The dishes have piled up and everything I put away Anthony takes out again so I give up and try and scrape off the bits of left over dinner from the plates. My honey lemon ginger chicken took a bad turn when I tried to thicken the sauce with corn starch, not understanding that a little goes a long way and poof, ruined chicken with thick goo rolling around the edges. The dog wouldn't even eat it and I scrape, scrape, scrape into the hog slop which will feed the pigs and then feed us. That's the circle of things, all coming around and around.
I guess that's what happens when life is lived and we move from day today. The chicken comes out less than delicious and the carpet needs vacuuming but the lemon grass tea is cool and sweet and the toddler is mooing every time I saw the word cow which I keep saying over and over. These are the days and this is the story of my life and there are no regrets, not really. For as much as I like to pick apart the past and fix my mistakes if it meant giving up just one day with this little boy I'd fail again and again, just so I could succeed with him.

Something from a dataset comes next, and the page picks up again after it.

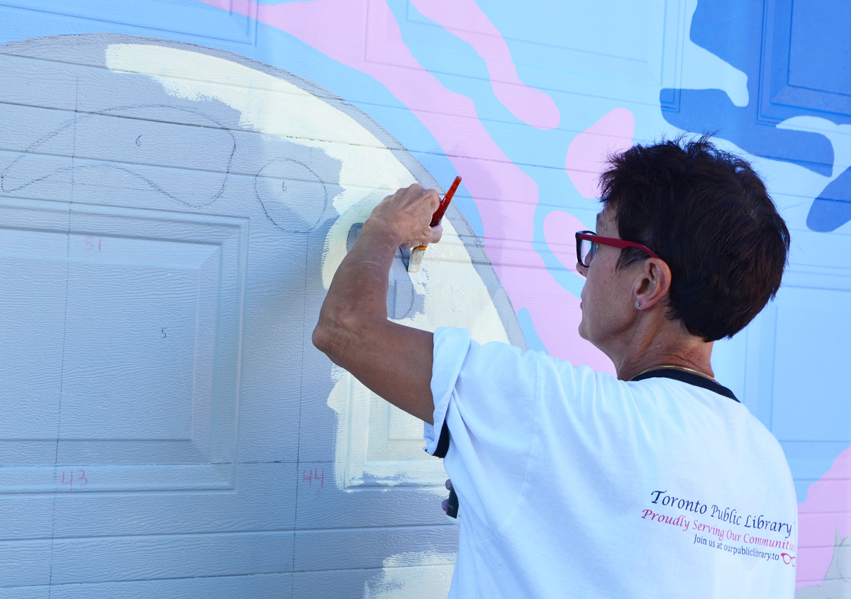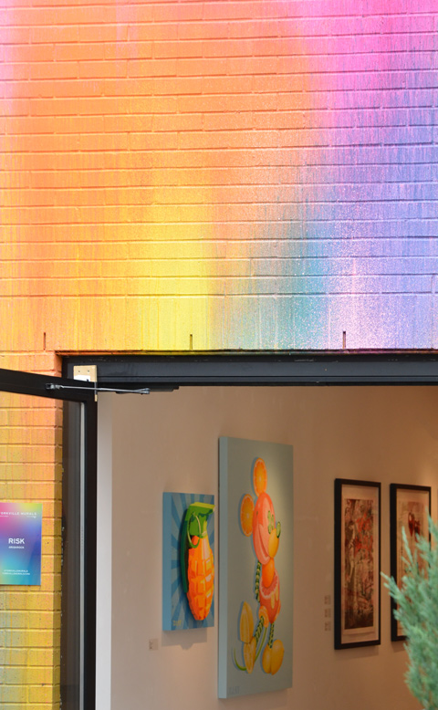 below: A 33wallflower33 pasteup in the foreground, with a corner of one of Nick Sweetman’s bird murals in the background.

There is no color for happiness. It's sights and smells and touch and the way Anthony screams "Daddy" with glee when Paul walks in the door and the way the starlight brightens the road, rendering my flashlight needless as I run down the road with my dog, remembering the moments of my day, the story of my life. Perfectly imperfect, like the bittersweet of dark chocolate melting against the roof of my mouth. Maybe just perfect.